There are several ways to deposit that money. Dexes provide availability of tokens and cryptocurrencies for exchange. Lending protocols generate funds for the sector. In both cases, in general you must deposit the same amount (in dollars) of a pair of tokens, for example ETH and UNI.
The contribution to the pools in general gives performance depending on the amount of movement that occurs in the pair. This means that a part of the commission that is generated in the dexes as a cost to trade crypto is transferred to whoever contributed funds to that pool. If someone transfers their ETH to UNI, those users who have contributed liquidity to the ETH/UNI pair collect part of that fee.

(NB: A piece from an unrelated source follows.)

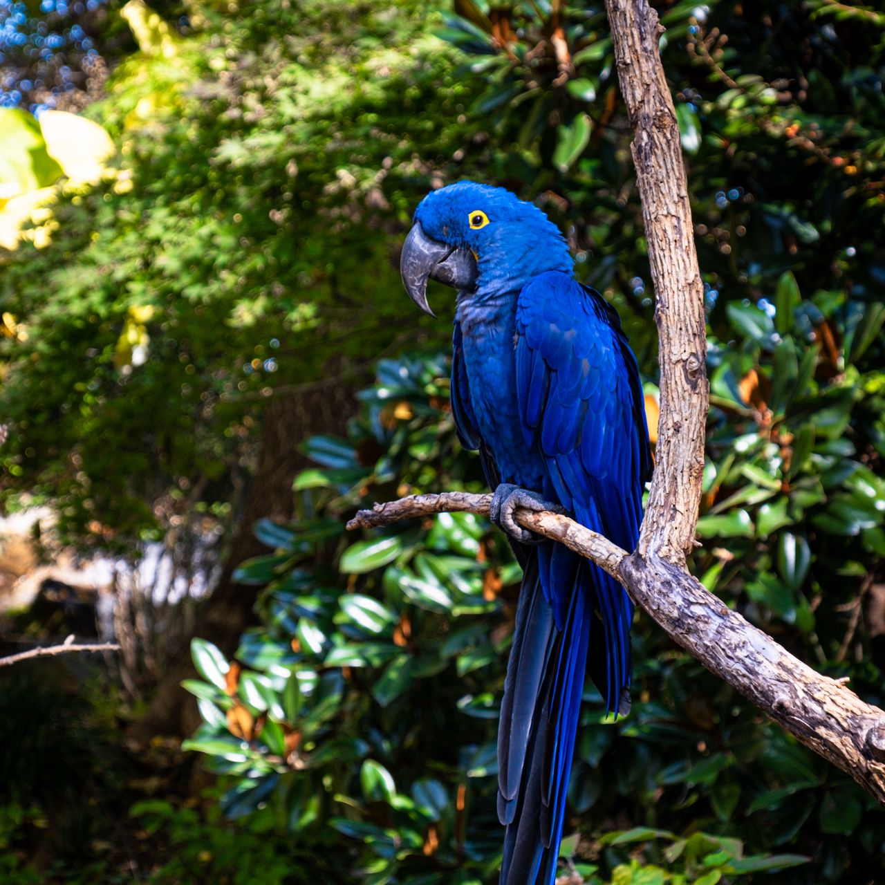 Download 1280x1280 hyacinth macaw, macaw, parrot, bird, beak, blue, branch wallpaper, background ipad, ipad 2, ipad mini for parallax

While staking involves “locking” a certain amount of a specific token in exchange for a return or “interest.” It is much more similar to a fixed term, where that profit is given depending on how long we leave our funds deposited. Please note that staking can be stopped at any time, and performance collected up to that point.
The AAVE case
La importancia de los pools de liquidez en los protocolos de préstamos cripto. La historia de AAVE, la red emblema de las finanzas descentralizadas.

AAVE is a crypto loan protocol and market with which investors can contribute funds by «depositing» their cryptocurrencies, and in exchange obtain an income from commissions for operations carried out on the platform.
It appeared in June 2017, under the name ETHLend, as a project designed by Stani Kulechov to generate a decentralized lending market based on smart contracts. The protocol was very inspiring, and gave rise to much of the DeFi ecosystem.
Shortly after, in September 2018, ETHLend grew, established itself as an automatic liquidity market, added features, rebranded to AAVE, and launched its own ERC-20 token.
AAVE works around a crypto liquidity pool, a «pool» or «well» where various users can contribute crypto assets. Thus, the project secures funds to make more loans, while these «liquidity providers» can profit from the interest that the platform generates every time it lends those cryptocurrencies.

“Liquidity pools” allow dex users to earn on their deposits or borrow tokens.
Lending/borrowing protocols
AAVE is a protocol that allows you to borrow cryptocurrency instantly. Or take out a loan and earn interest on it. And since all major protocols are based on Ethereum, it means you can lend or borrow any ERC-20 token.
This entire procedure is non-custodial, meaning that the teams on the various websites and apps they are currently using do not have any permitted use of my data.
Keep in mind that not even DeFi applications require intermediaries or arbitrators. The smart contract code specifies the resolution of any potential dispute, while users maintain control over their funds at all times. This reduces the cost of operating, and facilitates a frictionless financial system.
All of this collaborates so that DeFi is consolidating itself as a truly international movement, with open source services, and as a technological and economically accessible possibility for everyone. As these protocols are mounted on public blockchains, they can present the guarantee of cryptographic verification methods. Blockchain lending marketplaces reduce counterparty risk; and they make it cheaper, faster and more available to more people to take and grant loans.